Studio album (Virtual) by The Fratellis
- Released: From 2006 onwards
- Recorded: From 2006 onwards
- Genre: Rock
- Producer: The Fratellis

= Budhill Singles Club =

The Budhill Singles Club is a collection of songs released by The Fratellis from 2006 to 2008. The name "Budhill" refers to the area of Springboig, Glasgow where Barry was born. They also visit Budhill Square during the video for Creepin' Up the Backstairs. Songs released to the Budhill Singles Club are generally acoustic or alternate versions of album tracks, although in some cases demos, live versions and unreleased songs have been included.

== Background and release ==
The Budhill Singles Club is currently split into 2 volumes, each volume corresponding to the 2 albums released by the band, Costello Music and Here We Stand. The volumes started before the release of their album and have continued to have songs added to them. However, there has been no update to the second volume for over a year. Each volume also contains a sampler of their respective album, which are always at the bottom of the track listing of the album.

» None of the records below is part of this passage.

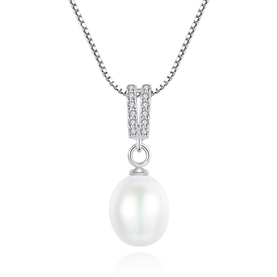 Hypoallergenic S925 Sterling Silver Zirconia Pearl Pendant with Box Chain Luxury Women's Jewelry Wholesale
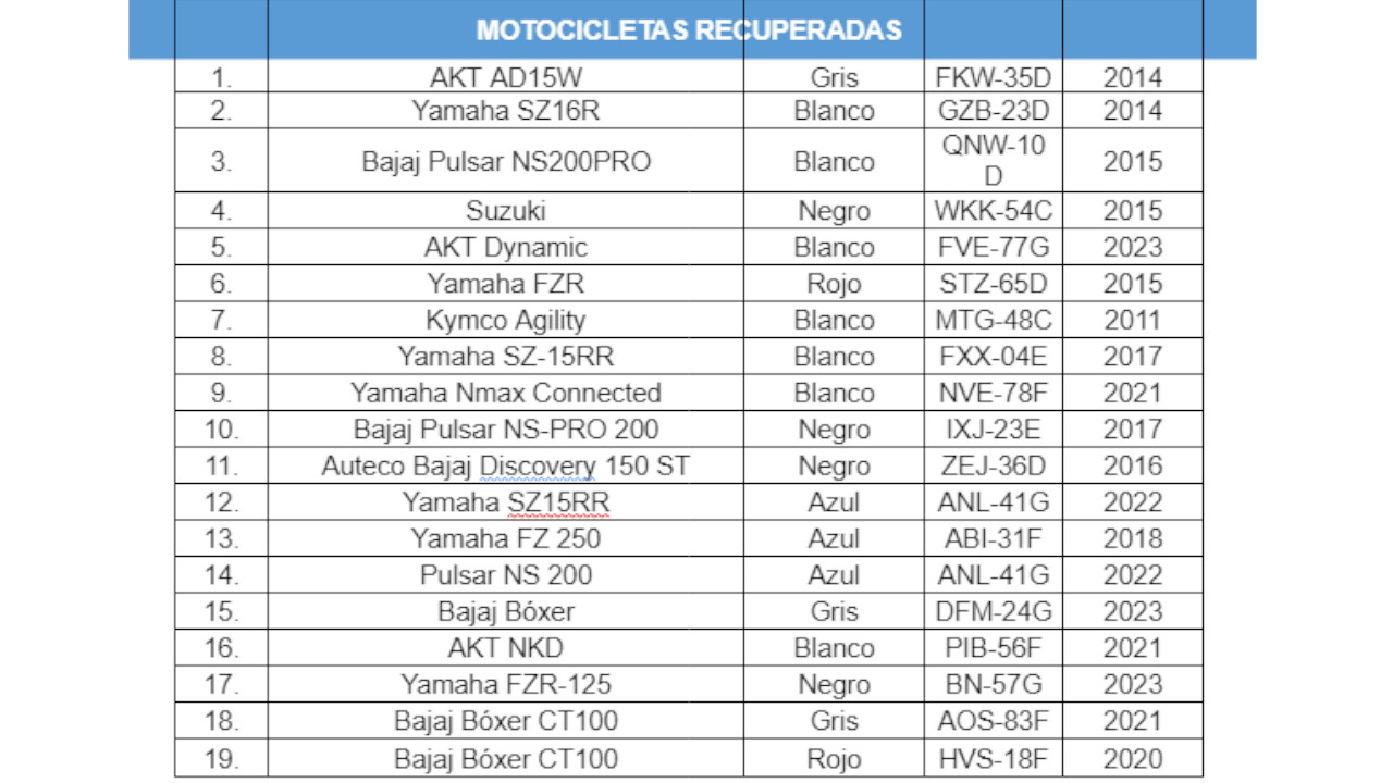 La Policía Metropolitana del Valle de Aburrá dio a conocer las placas de las motos y carros recuperados recientemente durante operativos.
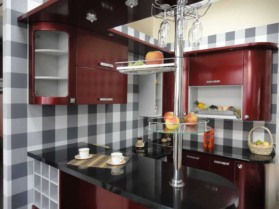 - бордовый – выразительный, но в то же время умиротворяющий оттенок будет удачно смотреться на любой кухне, лучше всего сочетается с черным, белым, серым и бежевым;
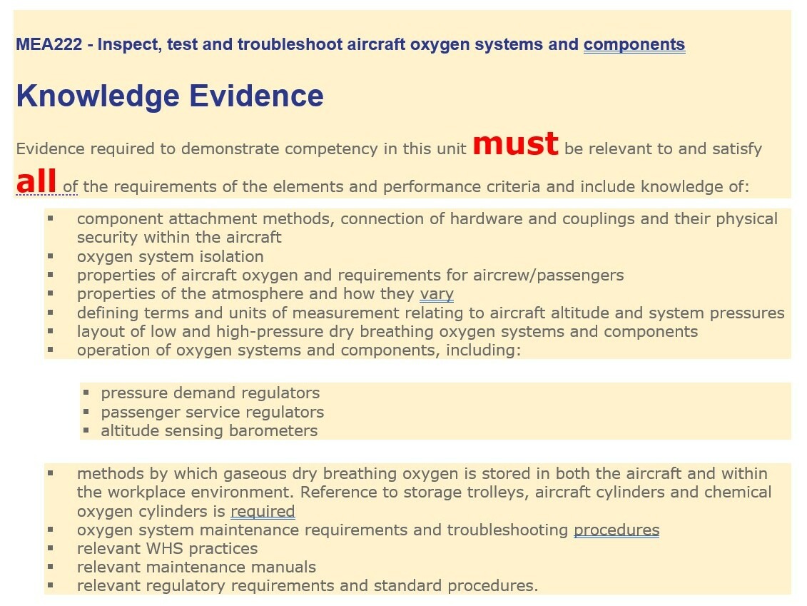 Furthermore, a “grading” system is redundant as far as a Unit of Competency is concerned, as the only possible outcomes are “Competent (C)” and “Not Yet Competent (NYC)”. To underline this point, even if someone achieved 100% in every CASA multiple choice exam, they may still fall short of the knowledge evidence in virtually every unit of competency, as there would be areas of knowledge left unaddressed.
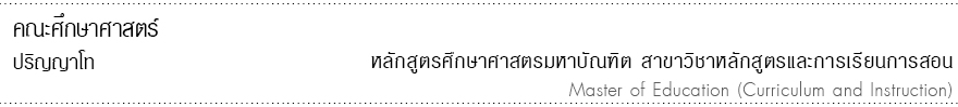 ชื่อเต็ม (ไทย) : ศึกษาศาสตรมหาบัณฑิต (หลักสูตรและการเรียนการสอน) ชื่อย่อ (ไทย) : ศษ.ม. (หลักสูตรและการเรียนการสอน) ชื่อเต็ม (อังกฤษ) : Master of Education (Curriculum and Instruction) ชื่อย่อ (อังกฤษ) : M.Ed. (Curriculum and Instruction)

Although the Budhill Singles Club is a virtual album, there have been 3 physical releases from the album. The first 2 releases were limited edition Budhill Single CDs for Volume 1, these were released with the "Henrietta" and "Whistle For The Choir" singles. Each one contained a blank CD with the Budhill Singles stamp on to burn selected songs onto. There was also a sleeve to keep the CD release of the single (which had to be purchased). The third release was for Volume 2 and was a limited edition boxset which came with a limited 7" vinyl of first song "Headcase", the boxset could contain the 7"s from the rest of the Here We Stand singles.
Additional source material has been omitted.